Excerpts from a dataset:

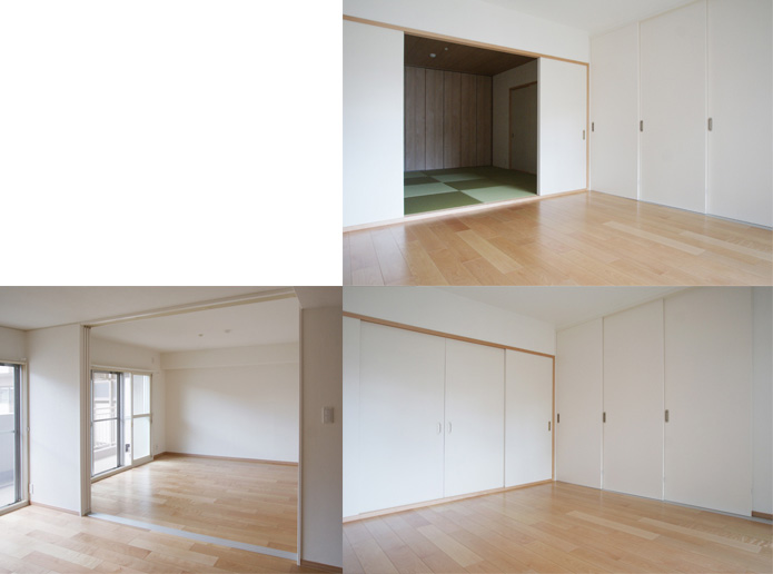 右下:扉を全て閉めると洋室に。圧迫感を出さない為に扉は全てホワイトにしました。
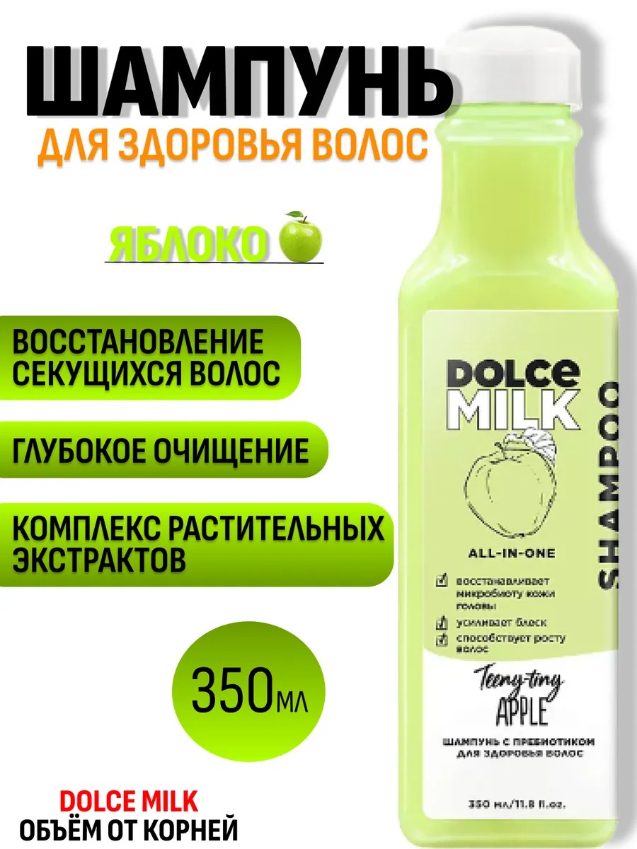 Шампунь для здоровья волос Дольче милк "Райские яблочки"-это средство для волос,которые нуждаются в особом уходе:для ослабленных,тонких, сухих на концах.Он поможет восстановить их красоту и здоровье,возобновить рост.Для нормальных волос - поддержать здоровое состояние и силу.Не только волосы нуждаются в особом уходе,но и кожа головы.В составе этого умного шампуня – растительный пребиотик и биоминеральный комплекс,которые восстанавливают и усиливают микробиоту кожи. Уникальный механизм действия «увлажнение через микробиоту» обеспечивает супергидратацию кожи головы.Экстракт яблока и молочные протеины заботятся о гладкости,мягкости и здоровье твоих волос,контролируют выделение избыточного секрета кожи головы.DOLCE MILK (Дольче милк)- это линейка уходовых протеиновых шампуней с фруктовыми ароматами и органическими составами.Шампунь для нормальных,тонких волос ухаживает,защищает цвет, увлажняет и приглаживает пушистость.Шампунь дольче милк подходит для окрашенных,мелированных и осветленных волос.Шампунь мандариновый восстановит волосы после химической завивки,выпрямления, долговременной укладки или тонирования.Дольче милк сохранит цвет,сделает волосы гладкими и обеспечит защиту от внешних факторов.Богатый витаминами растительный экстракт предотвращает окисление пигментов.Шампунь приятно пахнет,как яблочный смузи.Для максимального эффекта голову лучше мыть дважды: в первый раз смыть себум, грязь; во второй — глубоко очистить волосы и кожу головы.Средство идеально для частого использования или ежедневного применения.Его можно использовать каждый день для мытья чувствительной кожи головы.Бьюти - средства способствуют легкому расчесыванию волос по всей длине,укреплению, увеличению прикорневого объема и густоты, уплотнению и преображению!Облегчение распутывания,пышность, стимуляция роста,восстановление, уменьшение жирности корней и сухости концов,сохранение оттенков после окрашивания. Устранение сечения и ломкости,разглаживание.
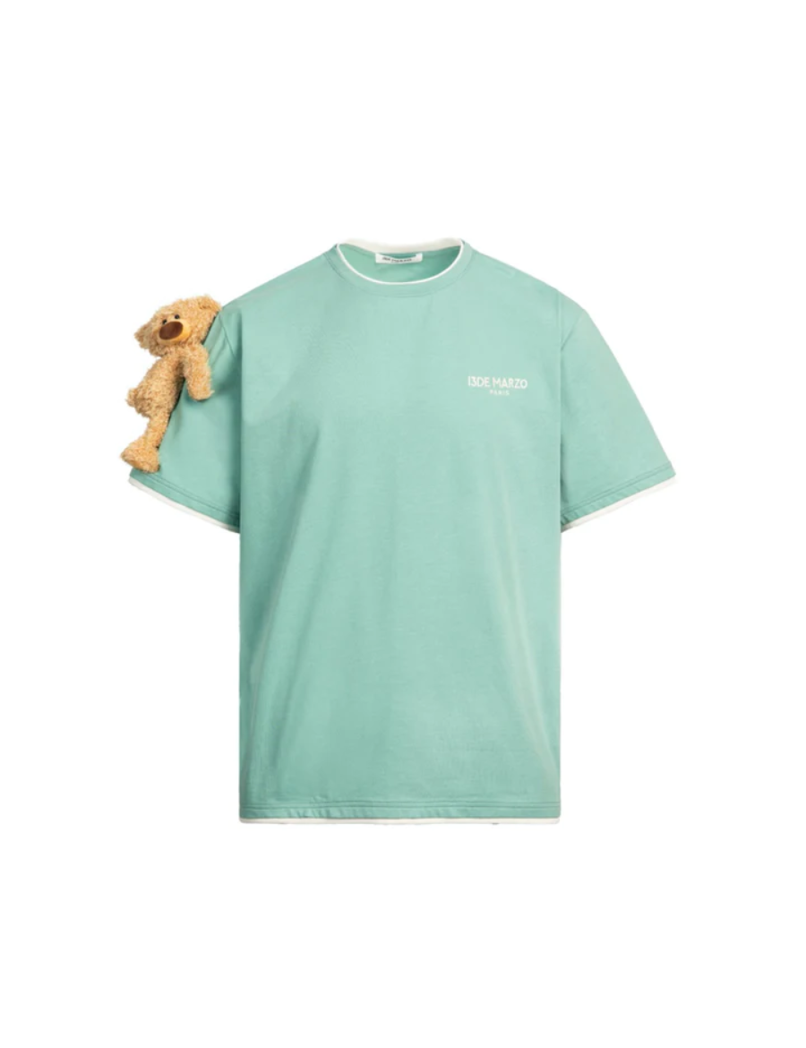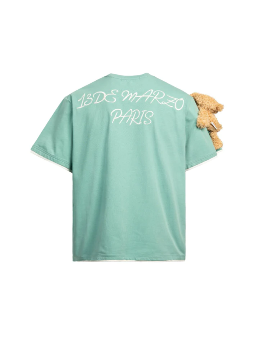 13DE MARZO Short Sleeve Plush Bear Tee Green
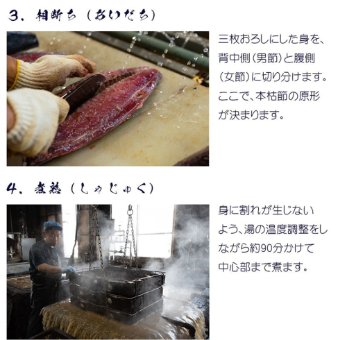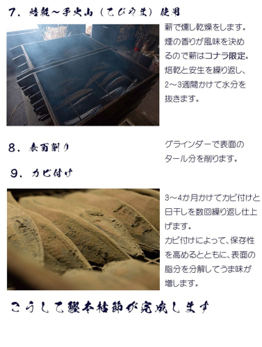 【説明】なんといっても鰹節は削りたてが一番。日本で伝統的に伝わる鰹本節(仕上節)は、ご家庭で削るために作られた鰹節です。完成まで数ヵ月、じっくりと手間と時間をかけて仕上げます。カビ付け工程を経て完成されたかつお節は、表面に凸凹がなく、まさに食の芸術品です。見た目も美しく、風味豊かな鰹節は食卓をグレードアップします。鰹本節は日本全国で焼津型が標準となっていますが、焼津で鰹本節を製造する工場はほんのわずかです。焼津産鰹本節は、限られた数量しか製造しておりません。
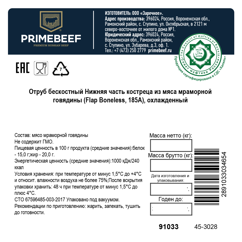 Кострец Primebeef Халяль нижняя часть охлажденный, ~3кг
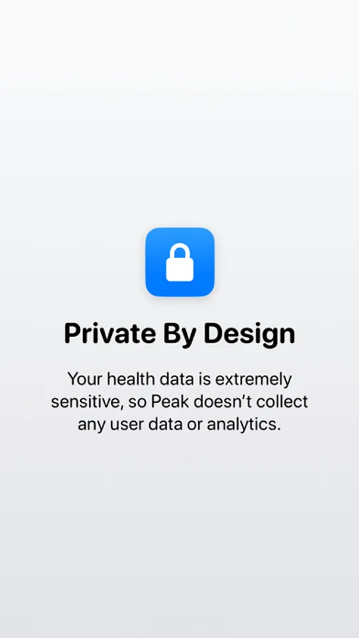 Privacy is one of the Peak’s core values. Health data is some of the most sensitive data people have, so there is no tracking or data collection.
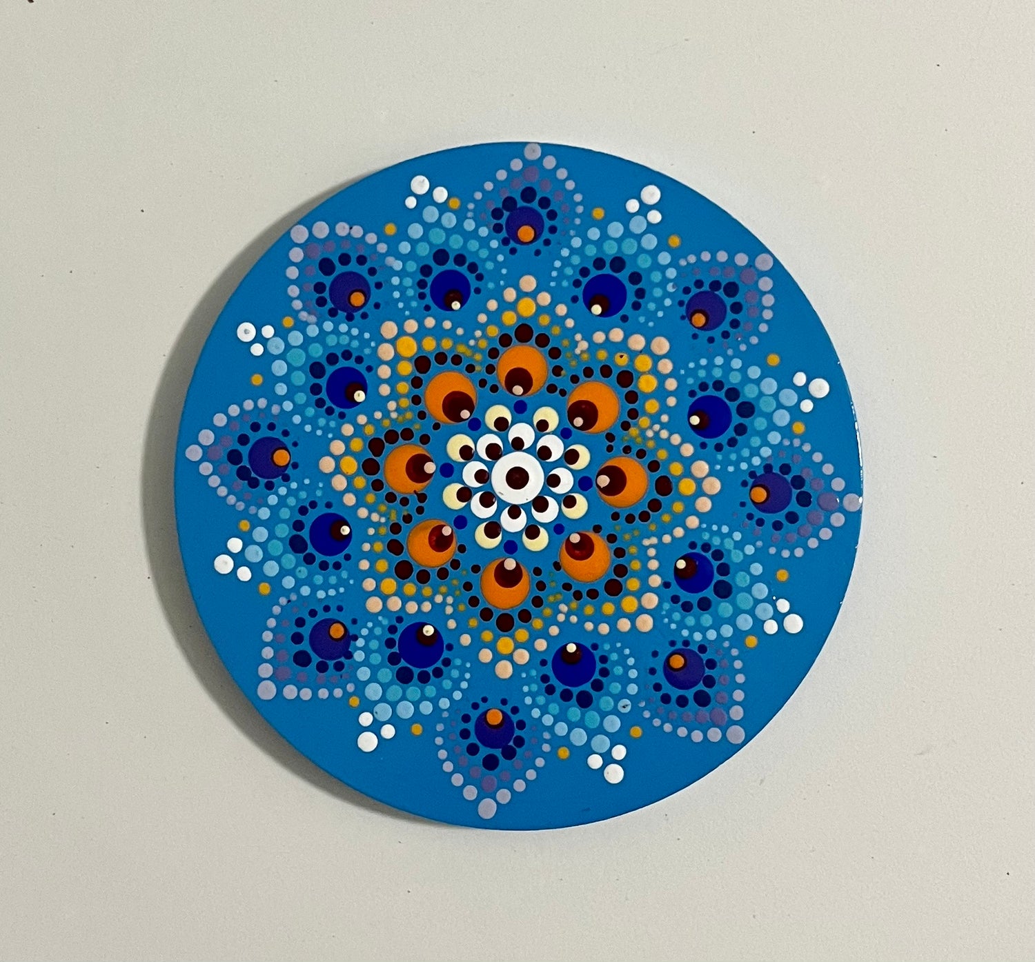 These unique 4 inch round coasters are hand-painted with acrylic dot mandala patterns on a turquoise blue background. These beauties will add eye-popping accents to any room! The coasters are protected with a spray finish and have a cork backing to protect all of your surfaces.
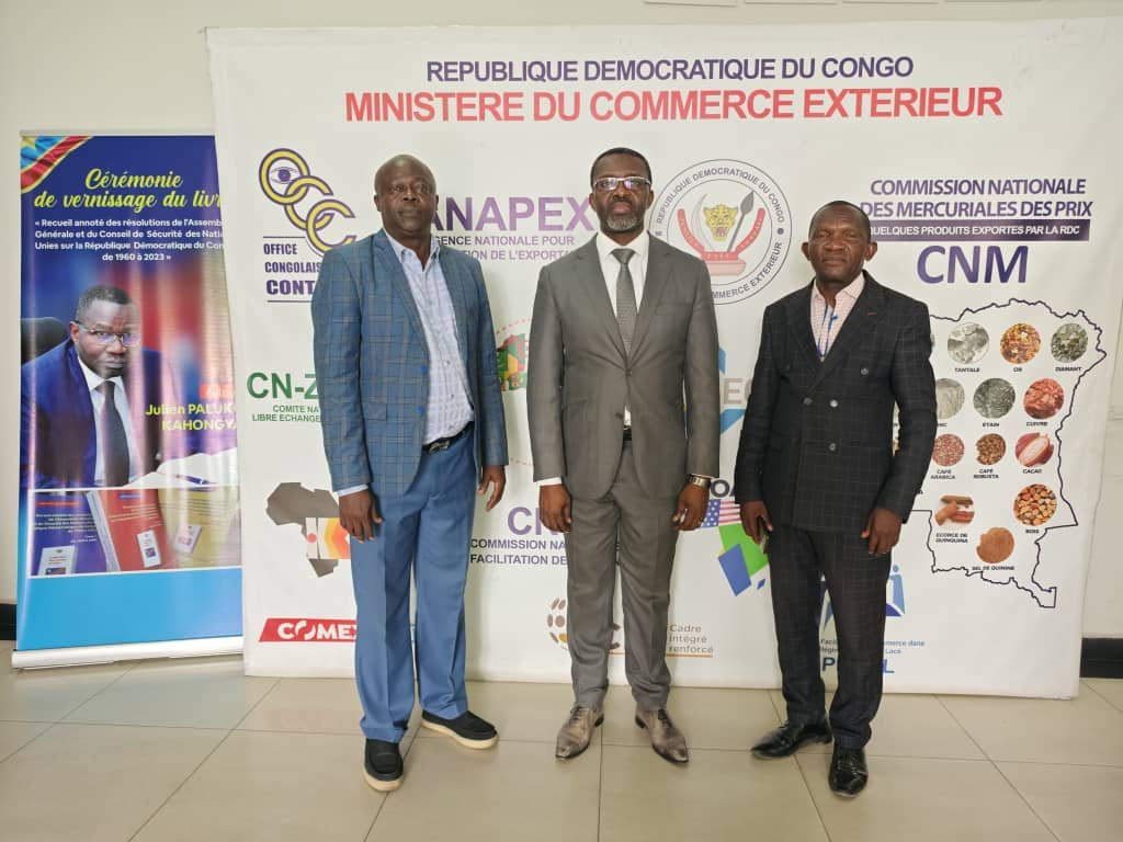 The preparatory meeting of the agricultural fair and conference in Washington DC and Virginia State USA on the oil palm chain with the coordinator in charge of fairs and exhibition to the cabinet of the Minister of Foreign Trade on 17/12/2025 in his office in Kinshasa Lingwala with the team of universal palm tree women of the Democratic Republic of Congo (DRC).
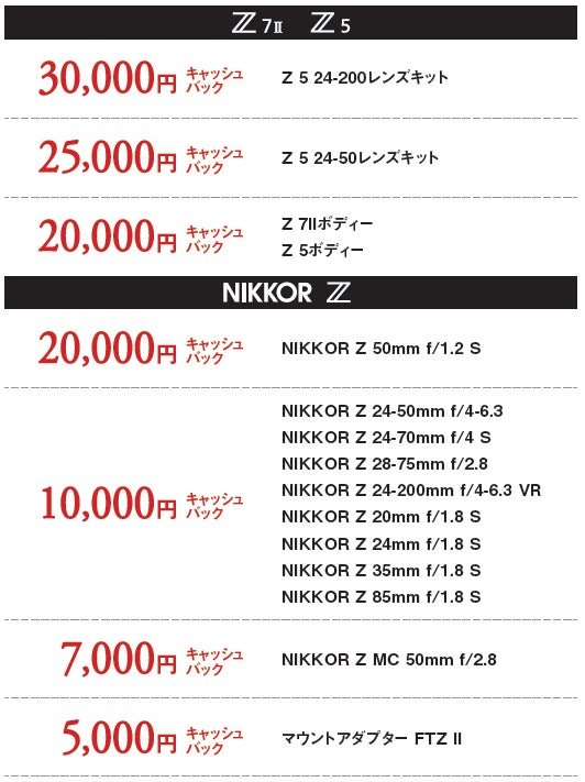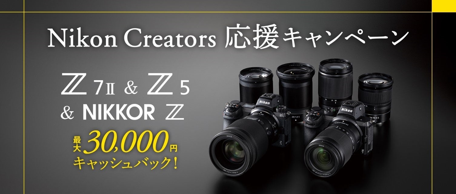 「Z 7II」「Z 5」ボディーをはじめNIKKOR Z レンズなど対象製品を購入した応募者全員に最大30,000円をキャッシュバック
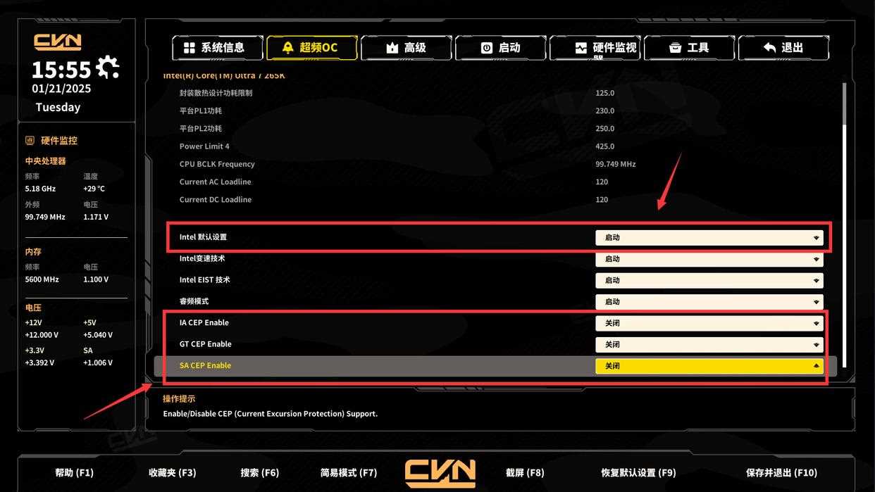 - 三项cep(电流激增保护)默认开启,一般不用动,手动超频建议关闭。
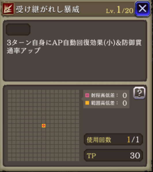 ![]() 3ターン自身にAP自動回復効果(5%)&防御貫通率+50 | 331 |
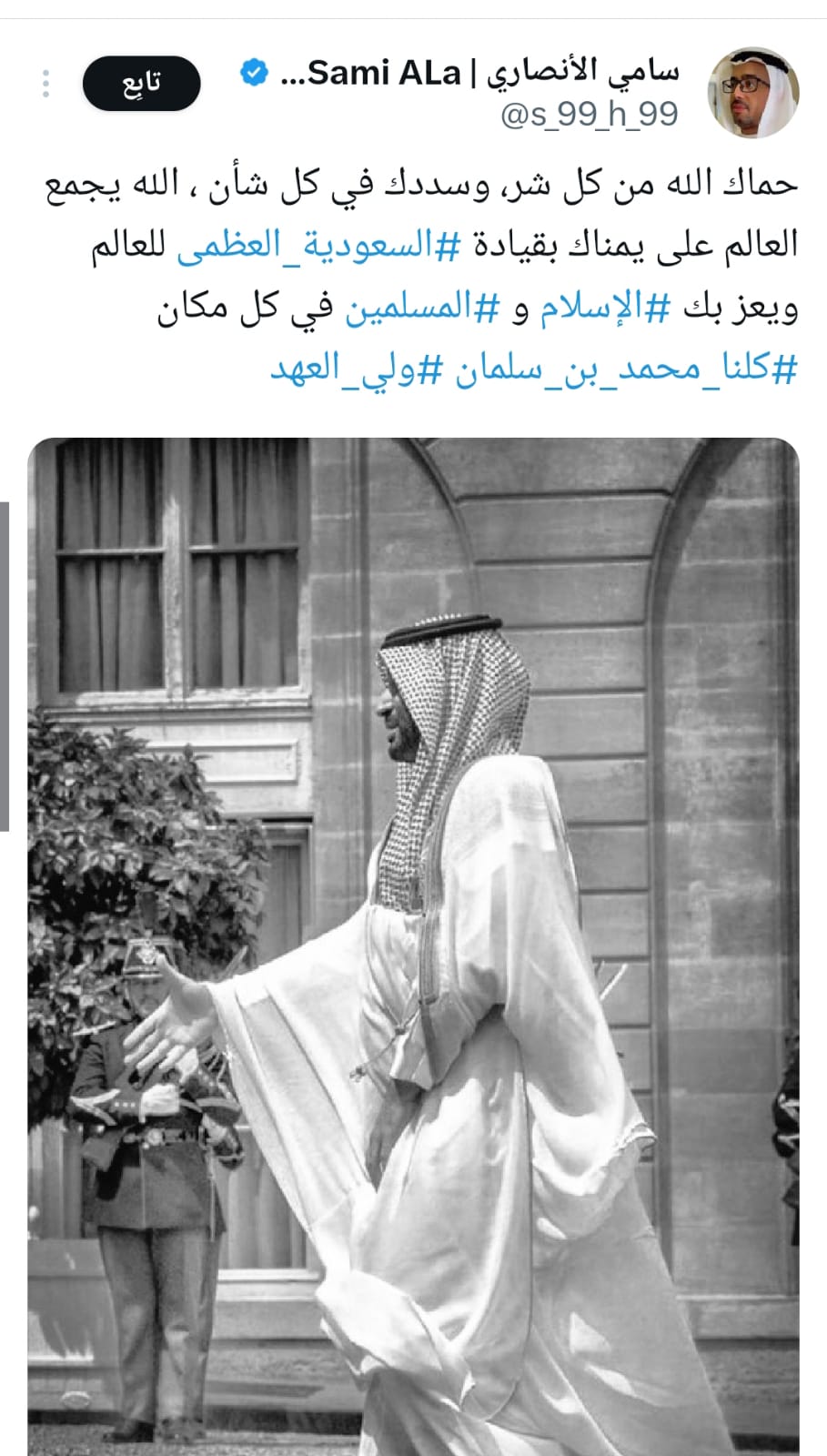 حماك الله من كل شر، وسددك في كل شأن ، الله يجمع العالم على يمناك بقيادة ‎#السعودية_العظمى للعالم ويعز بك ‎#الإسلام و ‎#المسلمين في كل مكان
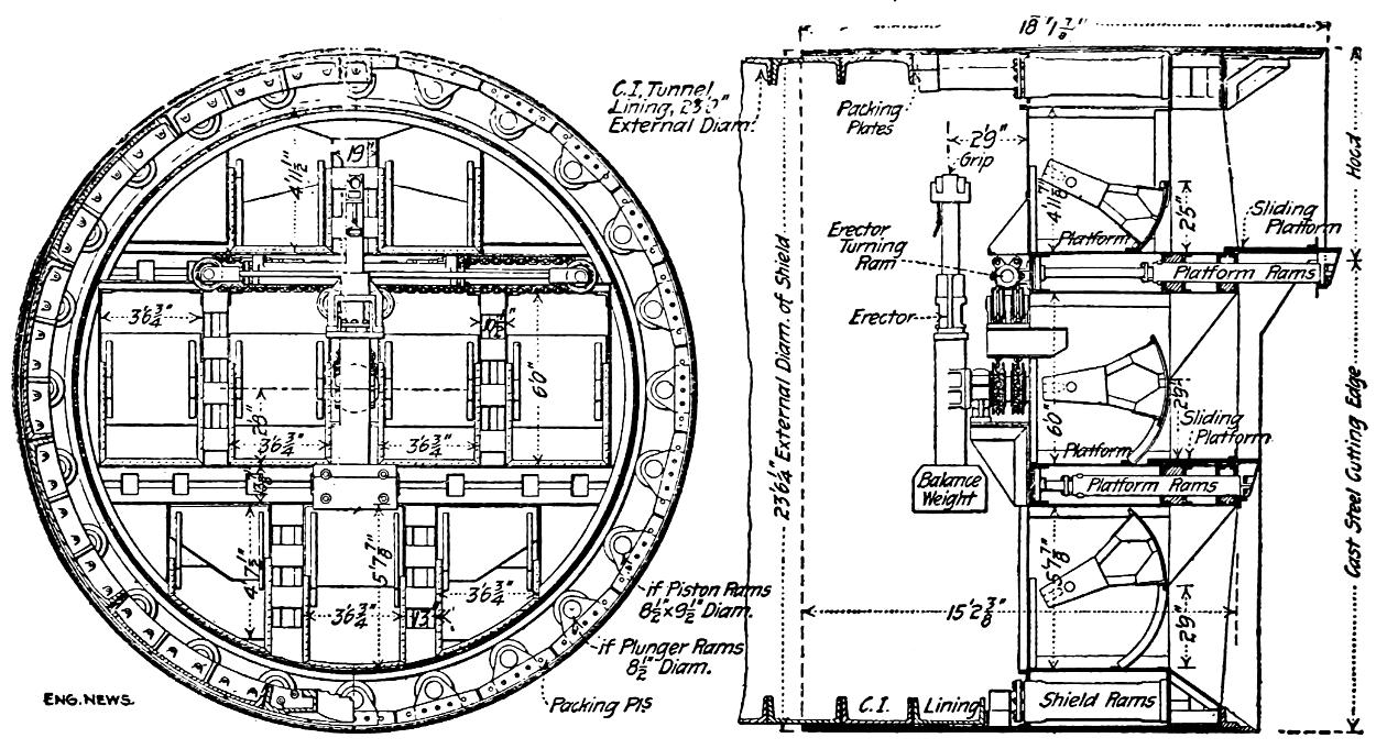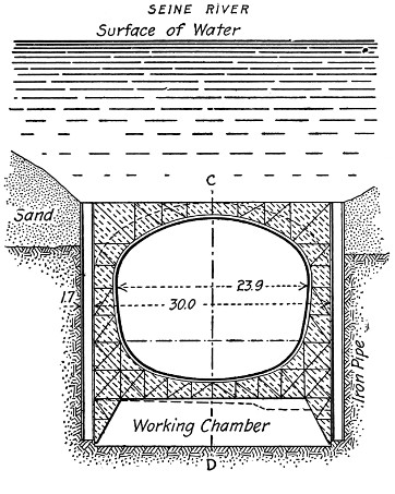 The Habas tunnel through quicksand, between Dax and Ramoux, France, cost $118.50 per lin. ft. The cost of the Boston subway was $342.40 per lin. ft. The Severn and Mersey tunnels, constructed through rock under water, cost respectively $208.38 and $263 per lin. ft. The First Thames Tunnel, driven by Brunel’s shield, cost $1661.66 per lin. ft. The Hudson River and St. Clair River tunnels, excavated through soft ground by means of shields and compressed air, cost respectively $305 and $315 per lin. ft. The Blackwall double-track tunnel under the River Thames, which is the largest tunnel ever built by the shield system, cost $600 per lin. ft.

▶ Aim of the task:
Of the lines above, quote exactly those from the one with "Кострец Primebeef Халяль" through the one with "Privacy is one", ends included; pictures stay out.

▶ Written solution:
 Кострец Primebeef Халяль нижняя часть охлажденный, ~3кг
 Privacy is one of the Peak’s core values. Health data is some of the most sensitive data people have, so there is no tracking or data collection.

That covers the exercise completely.